Look through the records below for the line with "加熱包裝材料至+150°C以". Return that line and each one after it up to and including the line with "Watson concerning the", exactly.

_RECORDED INFORMATION_:
[Start of section]

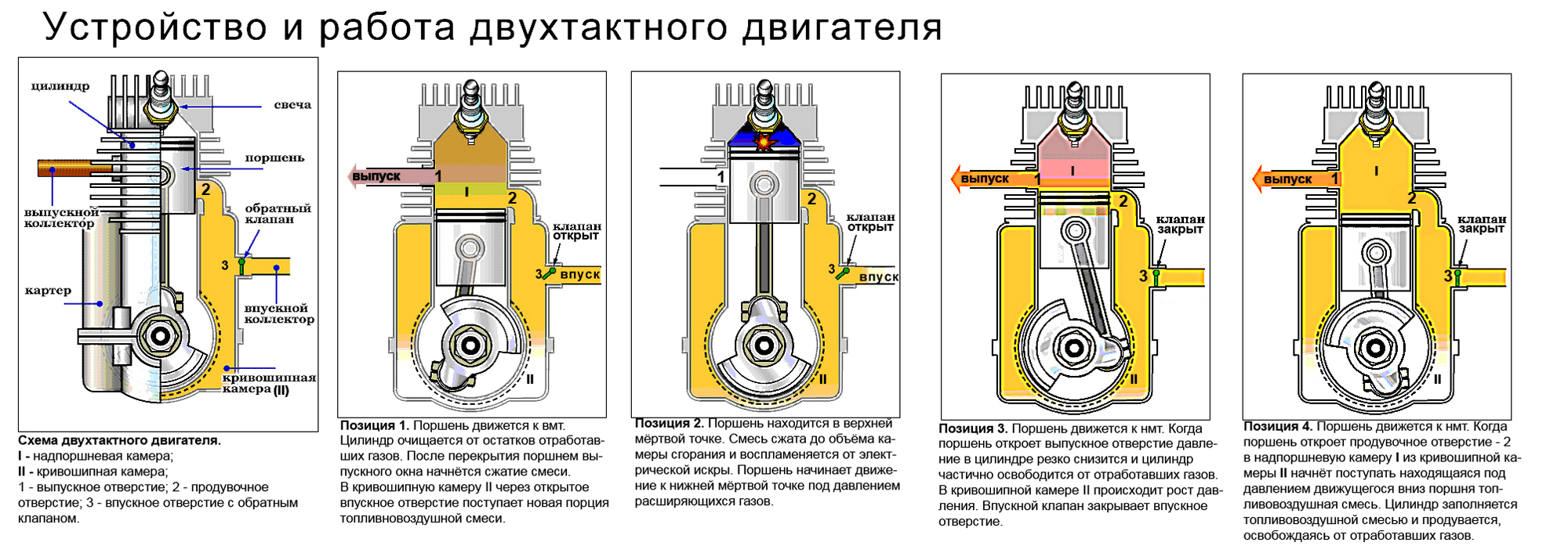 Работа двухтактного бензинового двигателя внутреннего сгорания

[End of section]
[Start of section]

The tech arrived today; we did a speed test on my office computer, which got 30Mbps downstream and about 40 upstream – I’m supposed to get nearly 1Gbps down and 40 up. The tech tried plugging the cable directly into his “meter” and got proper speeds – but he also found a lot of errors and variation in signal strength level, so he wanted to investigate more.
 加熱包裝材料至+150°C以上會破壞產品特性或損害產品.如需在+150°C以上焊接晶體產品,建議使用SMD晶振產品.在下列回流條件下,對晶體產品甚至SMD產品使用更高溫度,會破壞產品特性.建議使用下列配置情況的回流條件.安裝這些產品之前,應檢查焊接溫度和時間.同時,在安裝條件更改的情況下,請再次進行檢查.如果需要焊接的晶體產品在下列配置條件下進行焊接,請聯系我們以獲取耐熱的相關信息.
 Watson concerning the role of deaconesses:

[End of section]

_RESULT OF THE TASK_:
 加熱包裝材料至+150°C以上會破壞產品特性或損害產品.如需在+150°C以上焊接晶體產品,建議使用SMD晶振產品.在下列回流條件下,對晶體產品甚至SMD產品使用更高溫度,會破壞產品特性.建議使用下列配置情況的回流條件.安裝這些產品之前,應檢查焊接溫度和時間.同時,在安裝條件更改的情況下,請再次進行檢查.如果需要焊接的晶體產品在下列配置條件下進行焊接,請聯系我們以獲取耐熱的相關信息.
 Watson concerning the role of deaconesses:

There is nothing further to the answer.